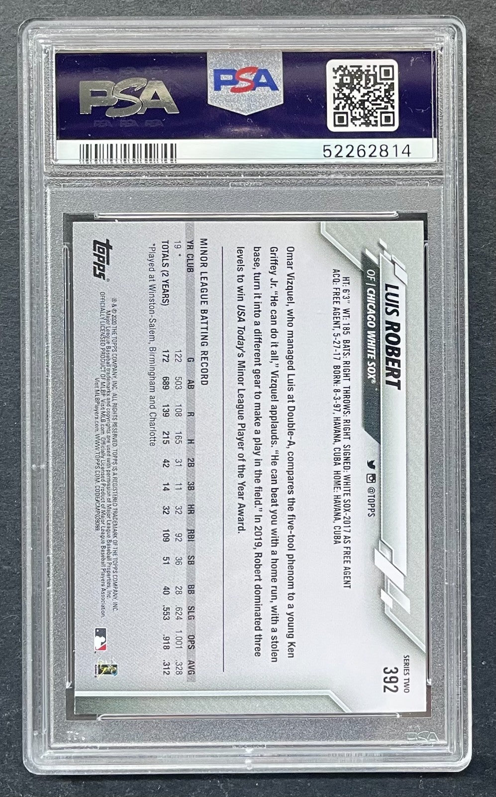 2020 Topps #392 Luis Robert Chicago White Sox Baseball Card PSA GEM MT 10 RC
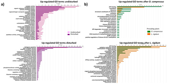 GO enrichment of differentially expressed genes in wheat root at five weeks post-planting, between the Undisturbed and Disturbed regimes (a), or according to the preceding plant species (O. compressus or L. rigidum) in the Undisturbed regime (b).
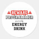 Beware: Programmer Powered By Energy Drink | Coder Classic Round Sticker
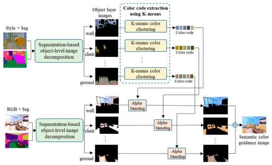 This section outlines the procedure for employing the semantic color guidance image generation module to achieve semantic colors, as illustrated in Figure 5. Initially, decomposition into object-level images was performed using style and segmentation images. Subsequently, from the object-layer image partitioned into distinct object classes, K color codes were obtained through k-means clustering, with an emphasis on extracting the color exhibiting the highest occurrence ratio.
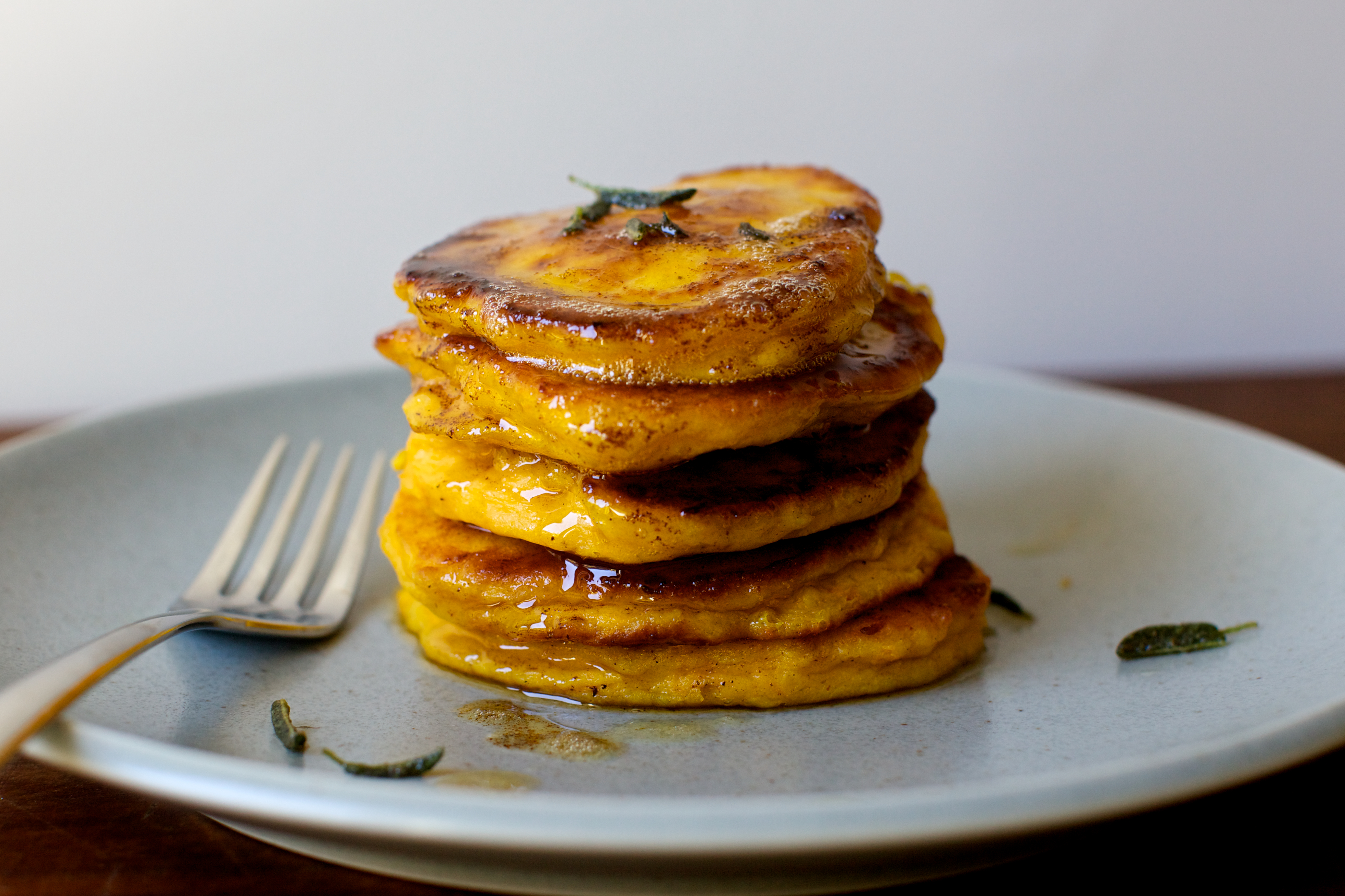 winter squash pancakes with crispy sage and brown butter
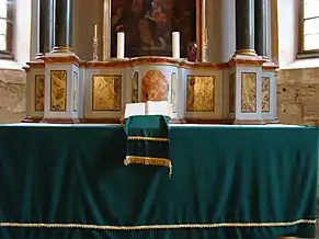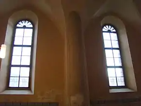 Turnul clopotniță este situat între cor și nava centrală. În turn funcționează trei clopote montate încă în evul mediu, două fiind din secolul al XIV-lea și unul din secolul al XV-lea.[7] Clopotul mic și cel mare, datate în a doua jumătate a secolului al XIV-lea, poartă ambele aceeași inscripție: „O REX GLORIE VENI CUM PACE”.[8] Clopotul mijlociu, datat la începutul secolului al XV-lea, are inscripția „O REX GLORIE VENI NOBIS CUM PACE LEONARDUS”.[9]
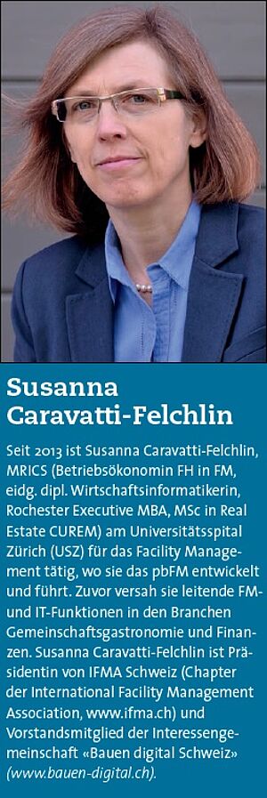 Susanna Caravatti-Felchlin: Leider  wird im FM noch zu wenig geforscht. Das Institut für Facility  Management (IFM) der ZHAW baut seit einigen Jahren die Forschung im FM  auf. Es ist an uns, den FM-Verantwortlichen in der Praxis, diese  Forschung zu unterstützen und mit den Forschern des IFM vermehrt  zusammenzuarbeiten. Das wollen wir einerseits in der IFMA erreichen,  aber auch im USZ: Das Engagement in der FM-Forschung erlaubt uns, den  Markt mitzuentwickeln.
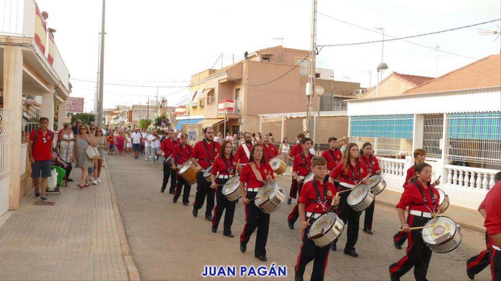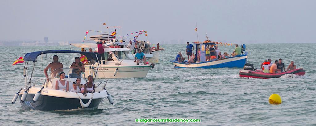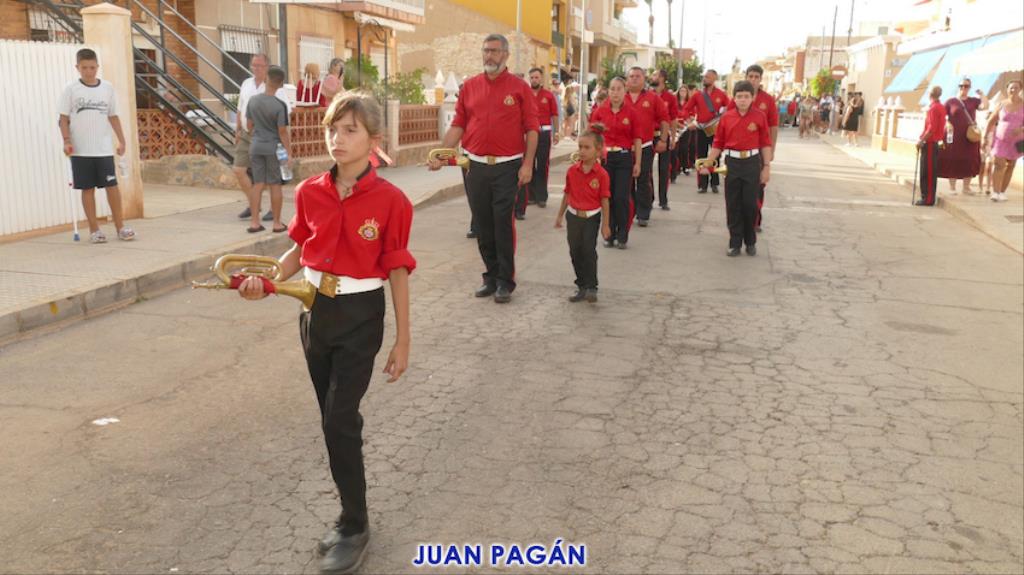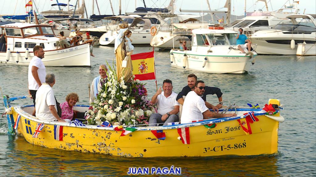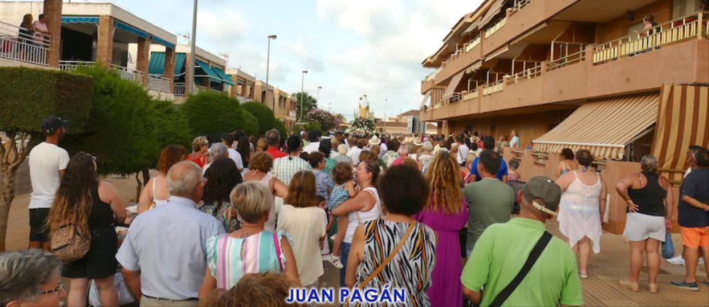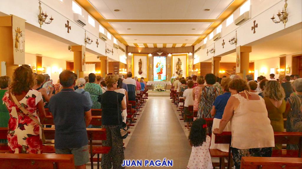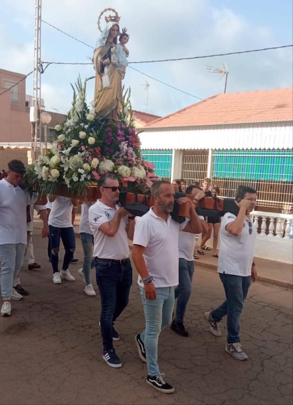 El gran día de la Virgen del Carmen tuvo un intenso capítulo vespertino que comenzó con la celebración de la solemne misa en la parroquia que lleva su nombre en Los Urrutias, siendo oficiada por el sacerdote Antonio Guillén Campillo.

======

WHAT YOU WILL DO:
Every line from the start of the material through the line containing "Beware: Programmer Powered" is needed exactly as written; the pictures are not.

TASK OUTPUT:
 2020 Topps #392 Luis Robert Chicago White Sox Baseball Card PSA GEM MT 10 RC
 GO enrichment of differentially expressed genes in wheat root at five weeks post-planting, between the Undisturbed and Disturbed regimes (a), or according to the preceding plant species (O. compressus or L. rigidum) in the Undisturbed regime (b).
 Beware: Programmer Powered By Energy Drink | Coder Classic Round Sticker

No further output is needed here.